Intralesional Injections of Triamcinolone for Acne Vulgaris

Status:
Completed

Trial end date:
2023-02-14

Target enrollment:
0

Participant gender:
All

Summary

This proof-of-concept study seeks to investigate the safety of intralesional injections of triamcinolone for acne vulgaris lesions using an Intradermal Needle Adapter.

Phase:

N/A

Accepts Healthy Volunteers?

Details

Lead Sponsor:

ACOM Labs

Treatments:

Triamcinolone

Criteria

Inclusion Criteria:

- Outpatient, male or female of any race, 18 years of age or older. Female subjects of
childbearing potential must have a negative urine pregnancy test at Baseline.

- Diagnosed with facial acne vulgaris.

- At least one (1) identifiable inflammatory lesion that, in the opinion of the
investigator, is amenable to intralesional injection of triamcinolone.

- Able to follow study instructions and likely to complete all required visits.

- In good general health as determined by medical history at the time of screening
(Investigator discretion).

- Sign the IRB-approved informed consent form (including HIPAA authorization) prior to
any study-related procedures being performed

Exclusion Criteria:

- Female subjects who are pregnant or breast-feeding.

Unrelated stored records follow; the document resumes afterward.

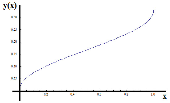 For the fractal bar with dimension γ = 0.63 and with (unit length), the non-dimensional displacement y(x) has been shown in Figure 4.
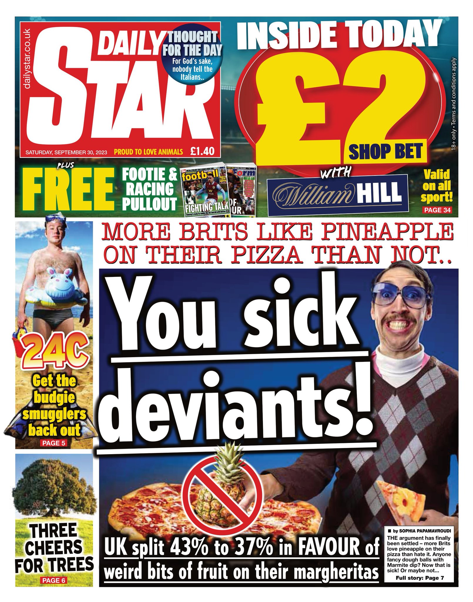 As is its want, the Daily Star goes in a different direction to the rest of the newspapers. Its front page is dominated by the news that polling has revealed that Brits like pineapple on their pizza after all.
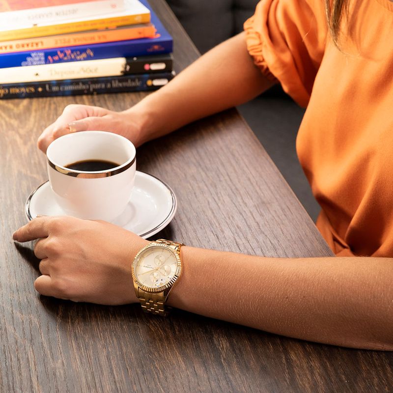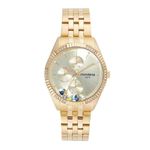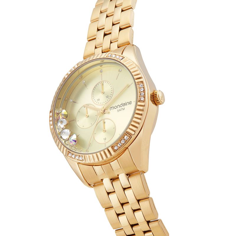 Este relógio multifunção possui o design de uma verdadeira joia. Tem pedras nos marcadores e na caixa, e corações e cristais soltos no mostrador dando charme para o modelo. Sua pulseira em aço possui fecho de acionamento lateral conferindo praticidade e ótimo ajuste ao pulso. É o relógio perfeito para ocasiões mais sofisticadas. Esse relógio possui a caixa em 4 cm de tamanho.
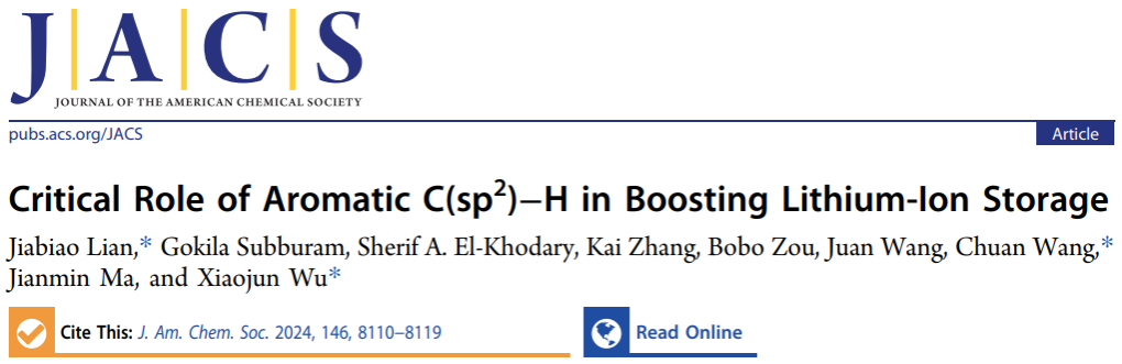 近日,我校能源研究院连加彪研究员团队在化学与材料领域顶级期刊《美国化学会志》(Journal of the American Chemical Society)上发表研究论文“Critical Role of Aromatic C(sp2)−H in Boosting Lithium-Ion Storage”。江南平台客服为第一完成单位,材料科学与工程学院/能源研究院博士研究生高克拉为学生第一作者,连加彪、南京工业大学王川教授和中国科学技术大学武晓君教授为共同通讯作者。
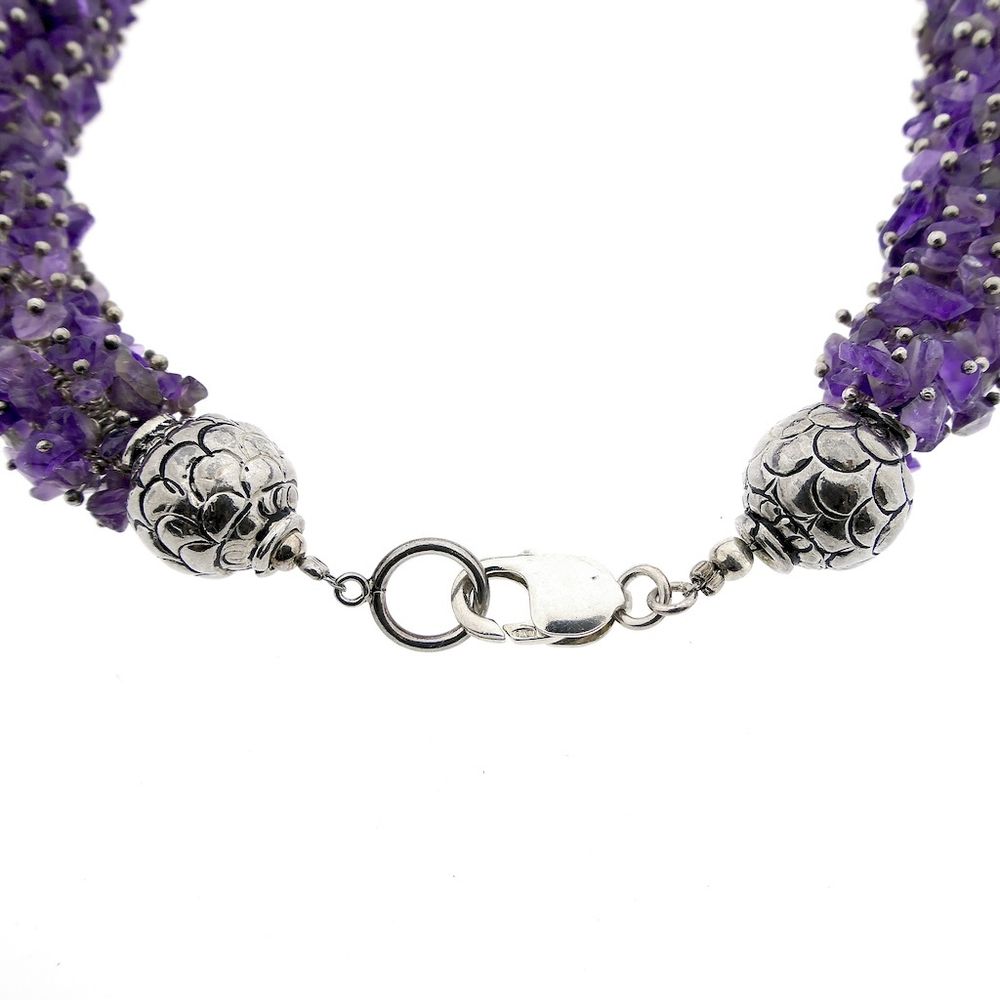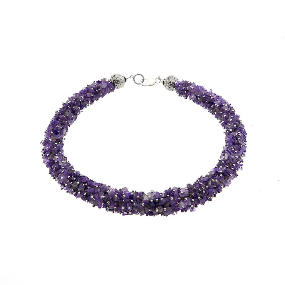 A unique necklace of silver and amethysts. The amethysts are strung on hundreds of silver pins. The stones are tumbled to prevent sharp edges and for a beautiful shine, but they are not cut and each has a different size and shape. The necklace is made of first-grade silver (925/1000).

- Known hypersensitivity or previous allergic reaction to any constituent of
triamcinolone injection.

- Active cutaneous viral infection in any treatment area at Baseline.

- Have concomitant skin disease or infection (other than acne) or presence of skin
comorbidities in the areas of skin where study device will be used.

- History of poor cooperation or unreliability (Investigator discretion).

- Planning to move out of the area prior to study completion.

- Subjects who are investigational site staff members or family members of such
employees.

- Exposure to any other investigational /device within 30 days prior to Visit 1.